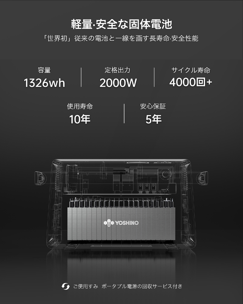 ■YOSHINOの固体電池によって高性能かつ圧倒的安全性を実現。
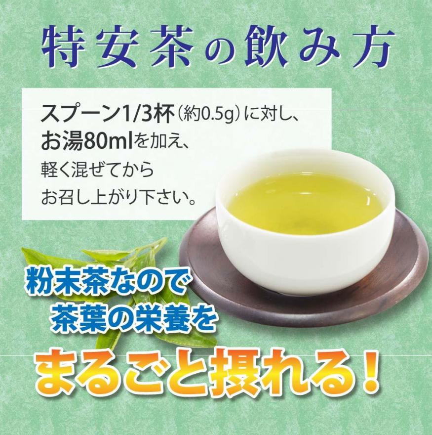 本商品スプーン1/3杯(約0.5g)に対し、お湯80ccを加え、軽く混ぜてからお飲みください。
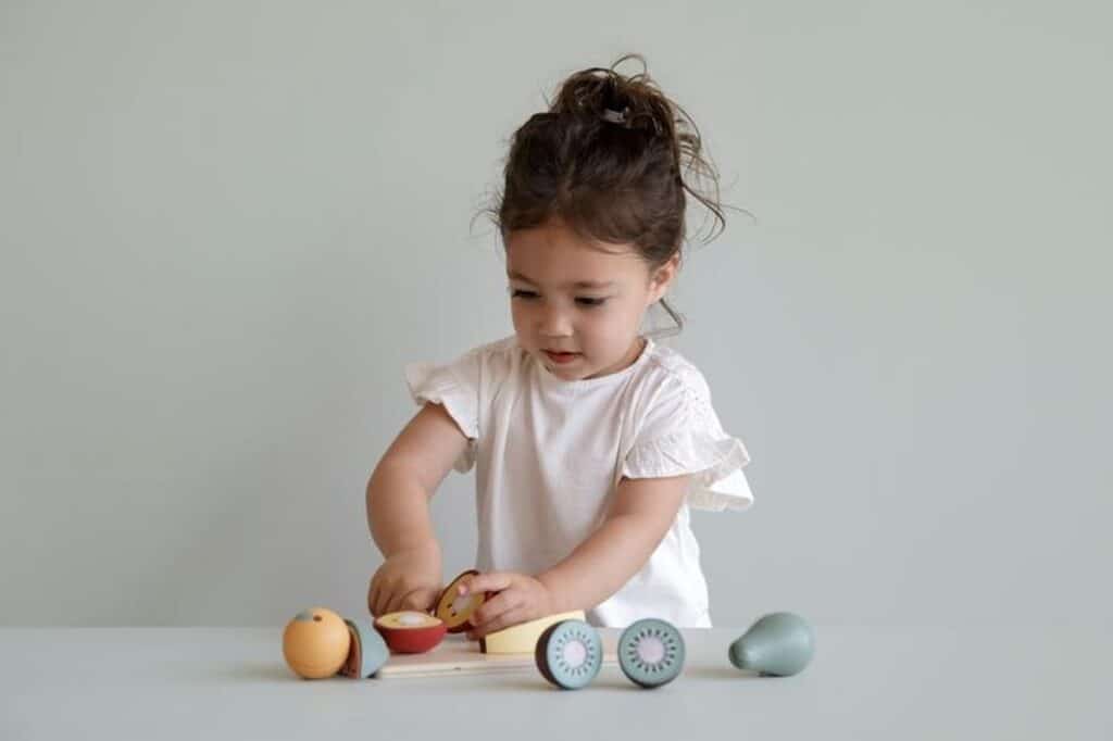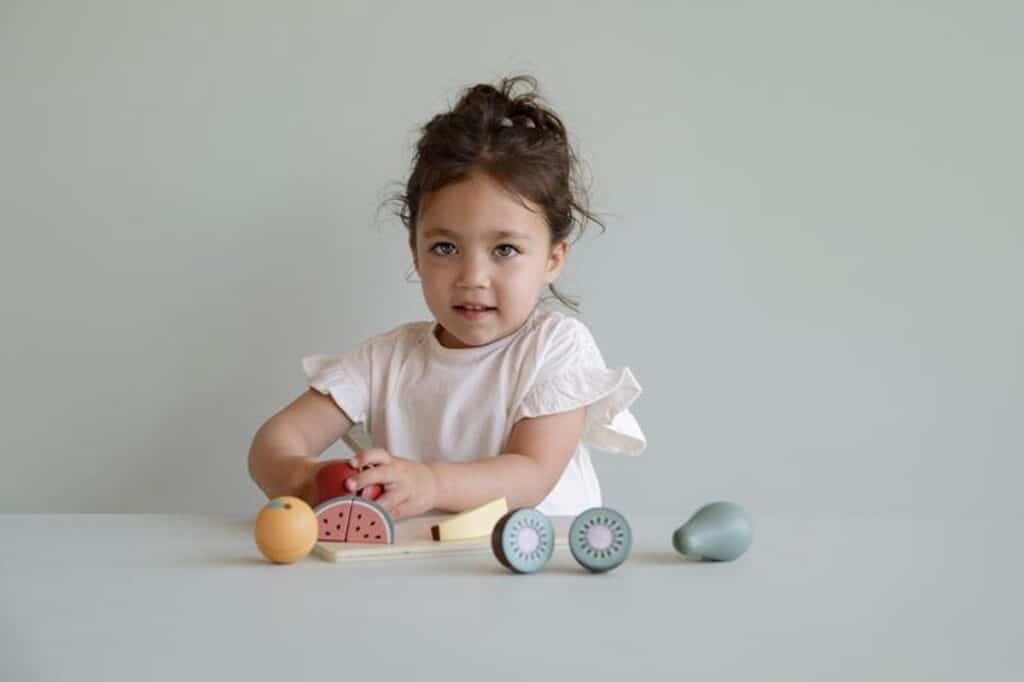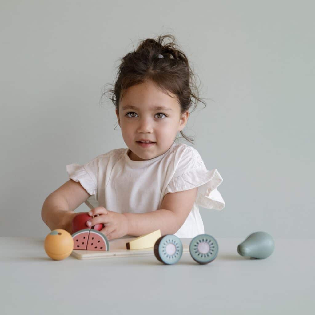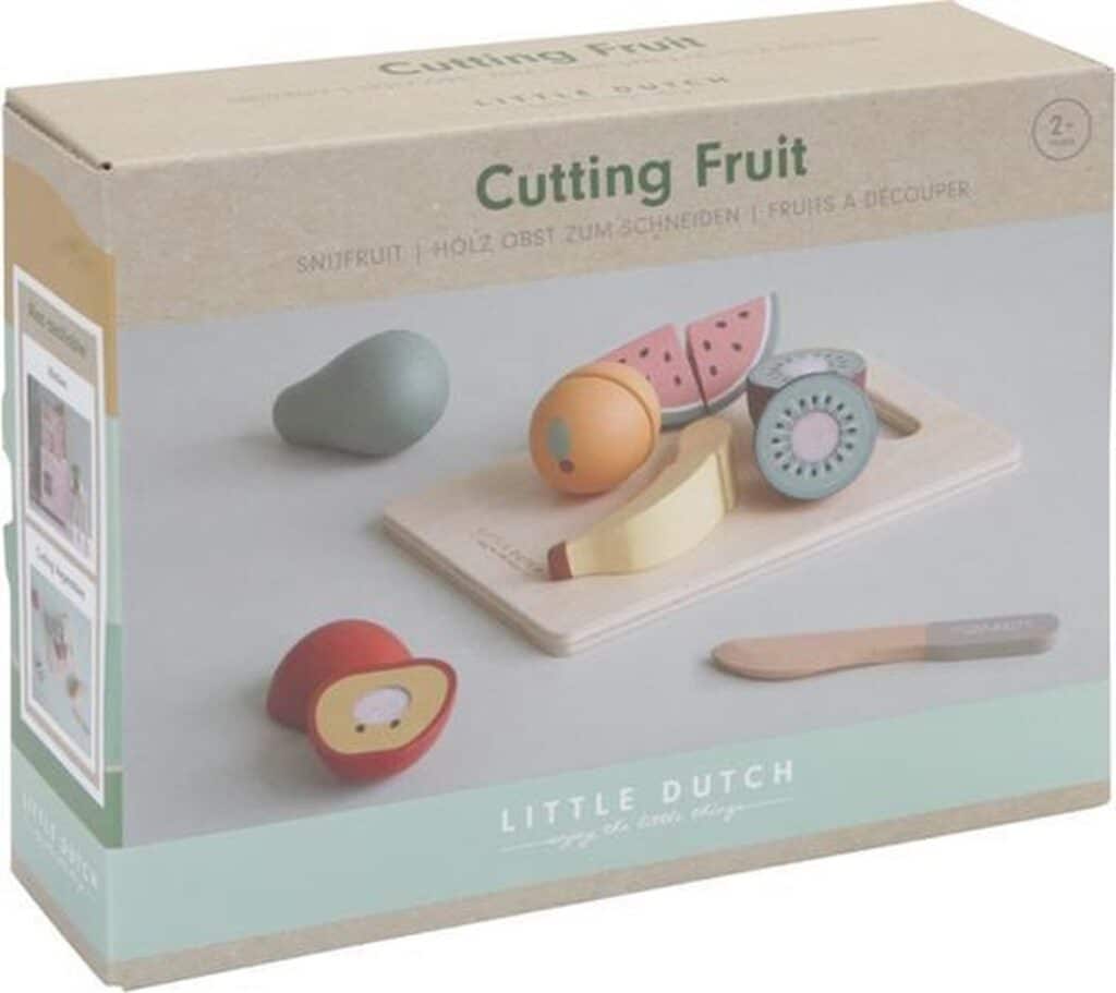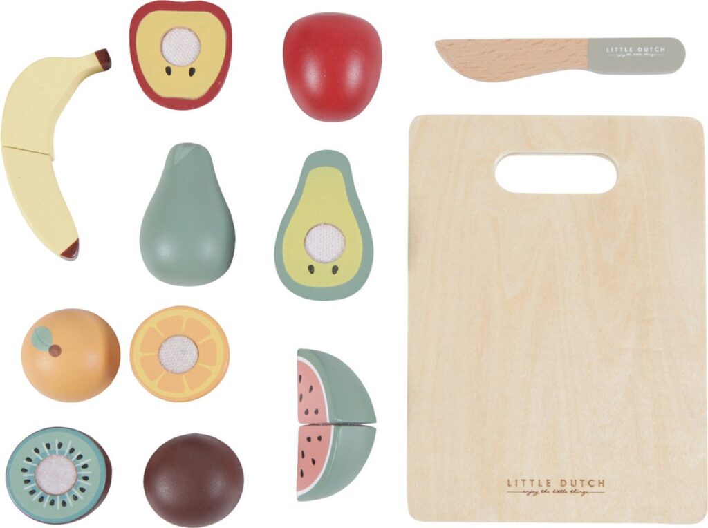 • Inhoud verpakking Snijplank, houten mes, appel, banaan, kiwi, peer, sinaasappel, watermeloen

Work instructions >>
The data above needs to be retyped exactly, with the images left out.

Solution >>
 ■YOSHINOの固体電池によって高性能かつ圧倒的安全性を実現。
 本商品スプーン1/3杯(約0.5g)に対し、お湯80ccを加え、軽く混ぜてからお飲みください。
 • Inhoud verpakking Snijplank, houten mes, appel, banaan, kiwi, peer, sinaasappel, watermeloen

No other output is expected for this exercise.